## Description
#### This is one of the assignments from course CS 431/631 (Data-intensive Distributed Analytics) at University of Waterloo.
#### This assignment focuses on the graph analysis to study the page rank value of a graph.
#### Some modifications have been made to improve the presentation on this platform.
---

#### Overview
**Goal:** Use Python and Spark to perform some graph analysis, using a graph of the Gnutella server network.   In this graph, each node represents a server, and each (directed) edge represents a connection between servers in Gnutella's peer-to-peer network.  
**Files needed:** `p2p-Gnutella08-adj.txt`  
(This file represents the graph as an adjacency list.   Each server (node) is identified by a unique number, and each line in the file gives the adjacency list for a single server.
For example, this line:
> 91	243	1923	2194

gives the adjacency list for server `91`.   It indicates that there are edges from server `91` to servers `243`, `1923`, and `2194`.    According to the Stanford Network Analysis Project, which collected these data, [the graph includes 6301 servers and 20777 edges](http://snap.stanford.edu/data/p2p-Gnutella08.html).)

For here, use the Spark installation in the CS451 course account:

In [1]:
import findspark
findspark.init("/u/cs451/packages/spark")

from pyspark import SparkContext, SparkConf

and then create a `SparkContext`:

In [2]:
import random
sc = SparkContext(appName="YourTest", master="local[2]", conf=SparkConf().set('spark.ui.port', random.randrange(4000,5000)))

---
#### Part 1:

To get warmed up, write Spark code to confirm or determine some basic properties of the Gnutella graph.  The code answers the following questions:
- How many nodes and edges are there in the graph? 
- How many nodes of each outdegree are there?
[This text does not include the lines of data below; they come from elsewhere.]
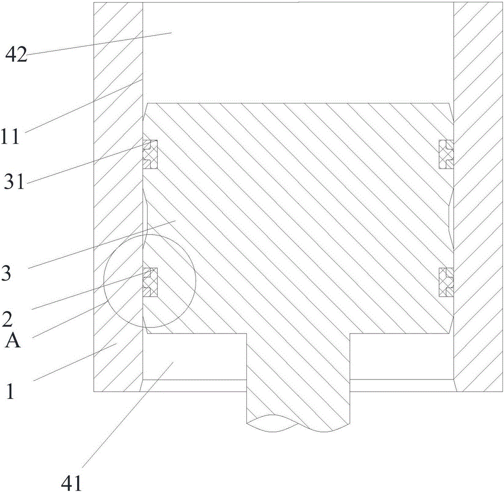 本实用新型提供一种活塞密封装置,其包括有缸体和活塞,所述活塞设置有环状的沟槽,所述沟槽内设置有用于密封所述缸体和活塞的密封部件,其中,所述密封部件包括一密封圈以及设置在所述密封圈两侧的支撑圈,所述密封圈包括窄部以及宽部,所述宽部贴近于所述活塞,所述窄部贴近于所述缸体,所述支撑圈被容纳于由所述密封圈、所述缸体和所述活塞形成的空间内。通过本实用新型的运用,在高压力的情况下防止了密封圈在压力作用会向非压力侧挤压翻转及密封圈挤入活塞与缸体的配合间隙,且同时实现双向密封。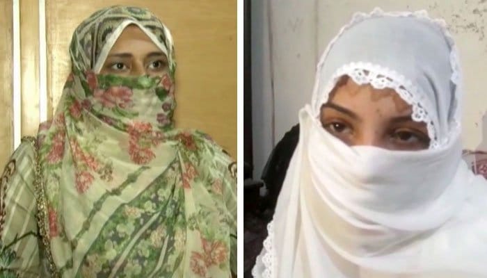 Pakistani women Tayyaba (left) and Rabia (right) make startling revelations pertaining to their marriage with their Chinese nationals — Geo News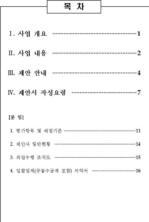 ◦ 제출된 제안서는 사업자 선정여부와 관계없이 반환되지 않음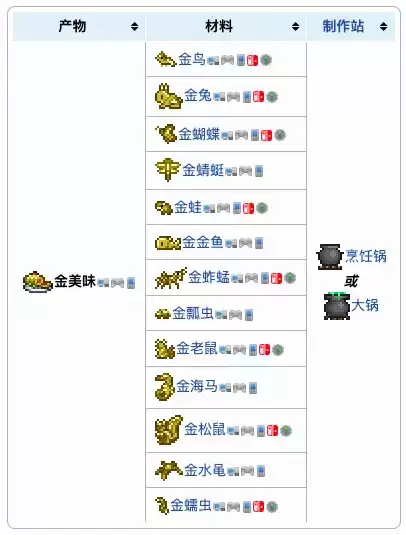 金美味这个食物可太厉害了,要使用13中金色动物才可以制作成功但是它的作用却没有那么大,那么金美味到底怎么才能获取呢?接下来小编就给大家带来泰拉瑞亚金美味获取方法,感兴趣的小伙伴就一起接着往下吧!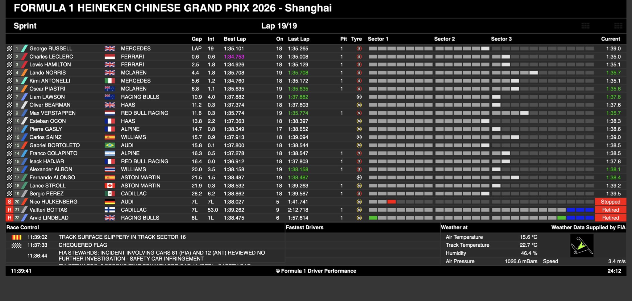 Carrera Esprint Gran Premio de Fórmula 1 China circuito de Shanghái / Resultados Mar 14, 2026 mamenf1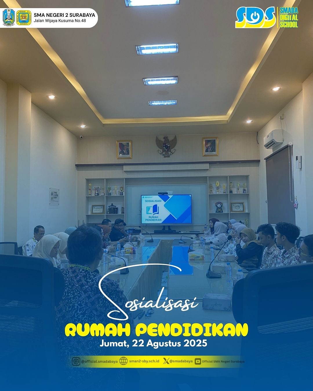 Surabaya, 22 Agustus 2025 – SMA Negeri 2 Surabaya menyelenggarakan sosialisasi resmi platform digital “Rumah Pendidikan” di ruang rapat (Meeting Room) sekolah, Jumat (22/8). Kegiatan yang dihadiri oleh seluruh unsur civitas akademika—guru, karyawan, dan murid—ini bertujuan memperkenalkan inovasi teknologi penunjang sistem pembelajaran dan manajemen sekolah.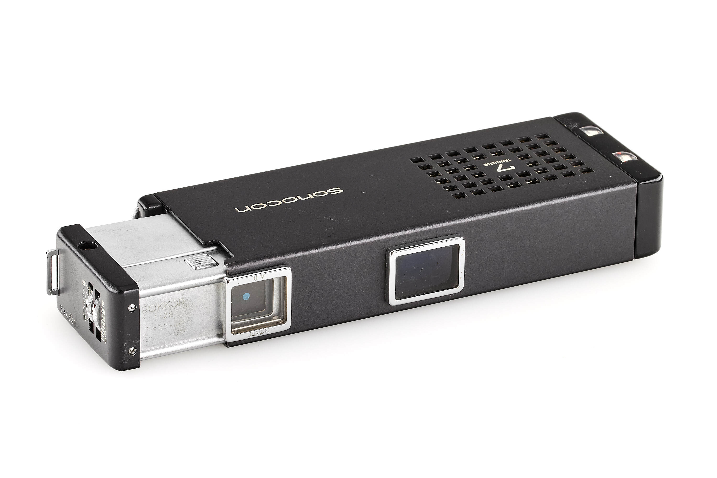 Rare 16mm film camera (Minolta 16-II) combined with a transistor radio, Rokkor 2.8/22mm, in excellent condition (small crack on the plastic housing of the radio, not visible outside).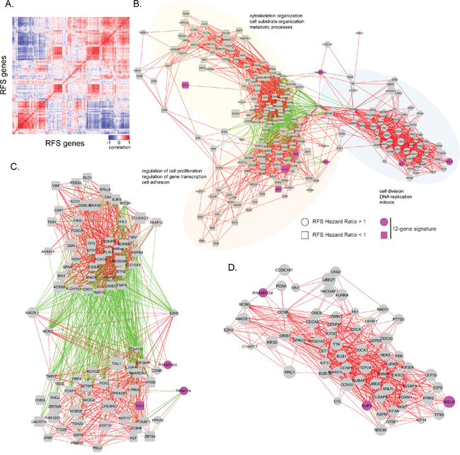 Figure 4: Visual representation of correlations in gene expression in normal human breast tissue samples. A. The heat map shows the correlation in gene expression between normal breast tissue samples obtained from GTEX. Positive correlations are indicated in red, while negative correlations are indicated in blue. B. Gene expression correlation network of RFS significant genes in normal breast tissue samples. Individual genes are indicated as nodes. Red edges indicate a positive correlation in gene expression (r ≥ 0.6) between two genes. Green edges indicate a negative correlation in gene expression between two genes (r ≤ -0.6). Labels indicate significant biological enrichment (adjusted p-value<0.05). Pink colored genes are present in the 12-gene prognostic signature. Three major functional cliques were separated based on gene-ontology. Clique 1 (yellow): cytoskeleton organization, cell substrate organization, and metabolic processes. Clique 2 (orange): regulation of cell proliferation, regulation of gene transcription, and cell adhesion. Clique 3 (blue): ell division, DNA replication, and mitosis. Genes with hazard ratio for RFS >1 are indicated as circles and those with HR<1 as squares. C. Enlargement of negative correlations and the genes associated with them. D. Enlarged cell division, DNA replication, and mitosis clique.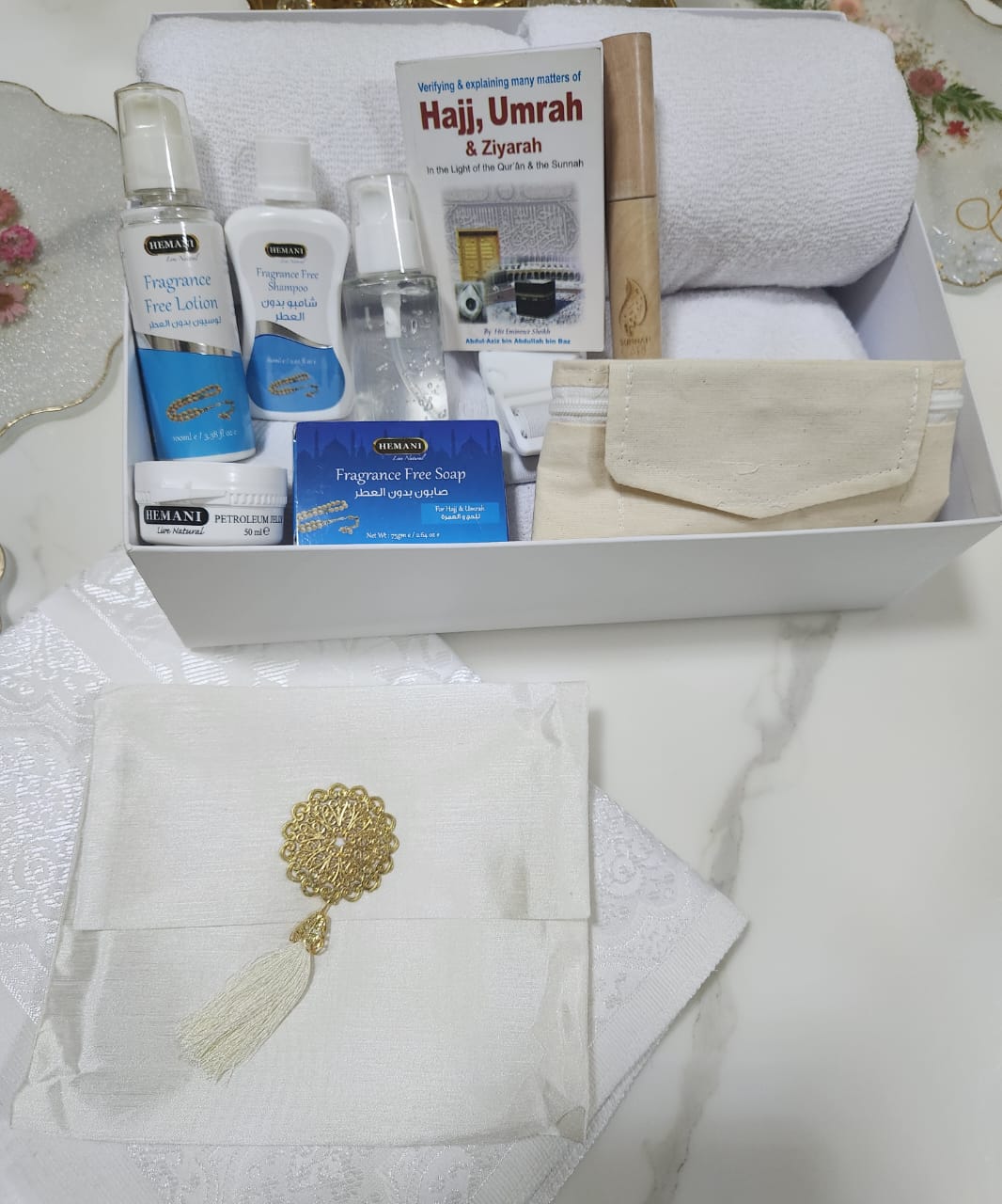 - مجموعة واحدة تتضمن مجموعة من فوط الإحرام (مما يعني وجود منشفتين في الصندوق). لذلك يمكن استخدام هذه المجموعة لشخص واحد.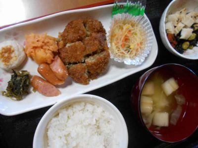 メンチカツ、ソーセージ、はるさめサラダ目ハート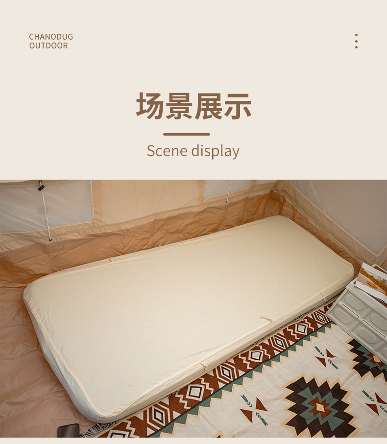 全棉质地的露营气垫床罩,触感柔软,能紧密贴合气垫,且收纳方便,轻松随行。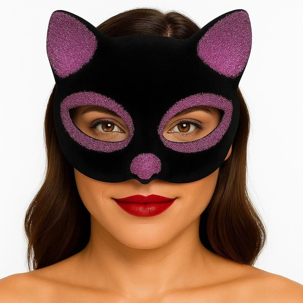 BUĞZ Siyah Renk Pembe Simli Süet Kaplama Kedi Maskesi 18x14 cm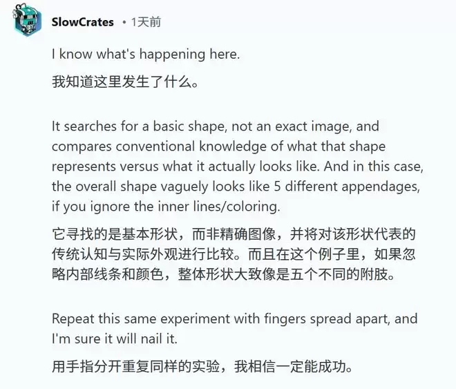 有人给出这样的解释:AI找的是基本形状,而非精确图像,然后将该形状代表的传统认知和实际外观进行比较。

That is, how many nodes have no outgoing edges, how many have one outgoing edge, how many have two outgoing edges, and so on?
- How many nodes of each indegree are there?

In [3]:
def num_nodes_edges():
    """Returns a tuple (num_nodes, num_edges)"""
    nodes = sc.textFile("p2p-Gnutella08-adj.txt")
    # get the total number of nodes in the graph
    num_nodes = nodes.count()
    # split each line to several separate nodes
    nodes_new = nodes.map(lambda x:x.split('\t'))
    nodes_and_edges = nodes_new.flatMap(lambda x:x)
    # get the total number of edges in the graph
    num_edges = nodes_and_edges.count() - num_nodes
    return (num_nodes,num_edges)
    

def out_counts():
    """Returns a dictionary where the keys are the outdegrees, and the 
    values are the number of nodes of the corresponding outdegree """
    nodes = sc.textFile("p2p-Gnutella08-adj.txt")
    nodes_new = nodes.map(lambda x:x.split('\t'))
    # get the outdegree of each node
    out_degree = nodes_new.map(lambda x:(x[0],len(x)-1))
    # get the number of nodes of each outdegree, and then collect
    aggregated_out_degree = out_degree.map(lambda x:(x[1],x[0])).groupByKey().map(lambda x:(x[0],len(x[1]))).sortByKey().collect()
    # transform the output into desired dictionary format
    dic_out_degree = dict(aggregated_out_degree)
    return dic_out_degree
    

def in_counts():
    """Returns a dictionary where the keys are the indegrees, and the 
    values are the number of nodes of the corresponding indegree """
    nodes = sc.textFile("p2p-Gnutella08-adj.txt")
    # split each line to several separate nodes (the adjacent nodes)
    nodes_new = nodes.map(lambda x:x.split('\t')[1:])
    # get the indegree of each node
    in_degree = nodes_new.flatMap(lambda x:x).map(lambda x:(x,1)).reduceByKey(lambda x,y:x+y)
    # get the number of nodes of each indegree, and then collect
    aggregated_in_degree = in_degree.map(lambda x:(x[1],x[0])).groupByKey().map(lambda x:(x[0],len(x[1]))).sortByKey().collect()
    # transform the output into desired dictionary format
    dic_in_degree = dict(aggregated_in_degree)
    return dic_in_degree

---
**Some background information about page rank:**  
The description of ordinary page rank is in Section 5.3 of [the course textbook](http://mapreduce.cc/).   Personalized page rank is like ordinary page rank except:
- One node in the graph is designated as the *source* node. Personalized page rank is performed with respect to that source node.
- Personalized page rank is initialized by assigning all probability mass to the source node, and none to the other nodes. In contrast, ordinary page rank is initialized by giving all nodes the same probability mass.
- Whenever personalized page rank makes a random jump, it jumps back to the source node. In contrast, ordinary page rank may jump to any node.
- In personalized page rank, all probability mass lost dangling nodes is put back into the source nodes.  In ordinary page rank, lost mass is distributed evenly over all nodes.

#### Part 2:

The task is to write a Spark program to perform personalized page rank over the Gnutella graph for a specified number of iterations, and of course a specific node. The function takes three input values:
- source node id (a positive integer)
- iteration count (a positive integer)
- random jump factor value (a float between 0 and 1)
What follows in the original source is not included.